# What to do with empty EO bottles



## serfmunke (Mar 20, 2012)

Hi, besides recycling, is there anything else one can do with the empty EO bottles from NDA? Do they take them back by chance and reuse them??? Does anyone have any cool uses for them? I try to use recycling as a last resort and re purpose things instead but cannot think of anything. Plus I have a lot of them, the 3.3 oz ones. I suppose ordering the larger ones will alleviate this a little. Thanks!


----------



## rileylite (Mar 20, 2012)

I've used some little ones as sugar scrub or lotion containers for travelling after I cleaned them. Beyond that I'm not really sure!


----------



## musiccitysuds (Mar 21, 2012)

Sometimes I'll use them to pre-mix blends so I don't have to measure once it comes time to put it in my soap. 
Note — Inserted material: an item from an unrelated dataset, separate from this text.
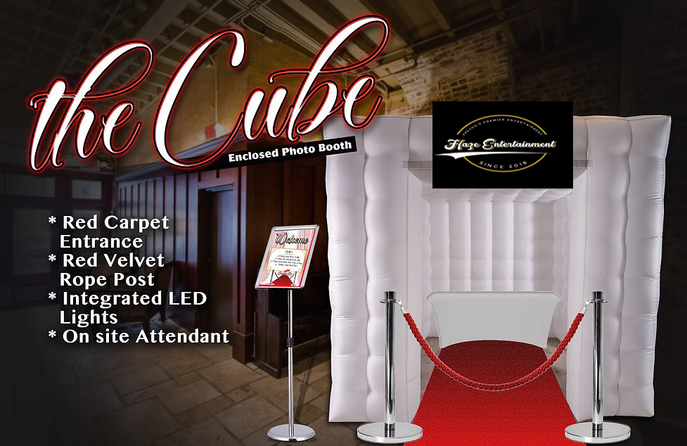 Our Enclosed Photo Booth!!! Elegant Enclosed LED Booth with custom Backdrop and a Royal Red Carpet Entrance. Package include inflatable 10x10 LED Cube, Welcome sign and unlimited prints. Minimun 2 Hours

I also use the small ones to use as gifts for friends. I'll put a little lavender or other eo in one and give them to friends who have oil burners with a nice little card explaining how much to use. You can also print labels to go over the existing one. I once made a "Sara's Birthday Blend" this way. She loved it.


----------



## serfmunke (Mar 22, 2012)

Both good ideas, thanks


----------



## Guest (Mar 27, 2012)

I don't know if you like to do crafts but I have seen some really cool lightfixtures and chandelirs, even christmas trees made with glass bottles.  The common method that I have seen is a metal skeleton with a rod and a light on the end for each bottle, pretty much all you see is the lit up bottles, so pretty.  For small bottles, I see something with an LED light in each one.  Would make for a nice effect, and if they are amber bottles a neet nightlight.  What if you could mount the bottles on a flat sheet of glass to make something to hang keyrings on.  Neet!  but ofcourse thes things require some metalwork or even glasswork equipment.. why I haven't tried it out myself.  =P

I saw this one christmas tree from green beer bottles.  They used gradually smaller glass sheets. lay out a circle of bottles, top with the glass sheet, then stack smaller circle of bottles, and so on untill it gets to the top and the thing even had lights!!


----------



## ilovedoxies (Mar 31, 2012)

If they're glass I give them to a friend that mixes her own aromatherapy oils.


----------



## Soapy Gurl (Mar 31, 2012)

I bet you could sell on Etsy or Ebay.  Not to make money, but to find someone that wants them!  Lots of people buy the bottles!


----------



## serfmunke (Apr 18, 2012)

Some more very good ideas! Thanks soapers


----------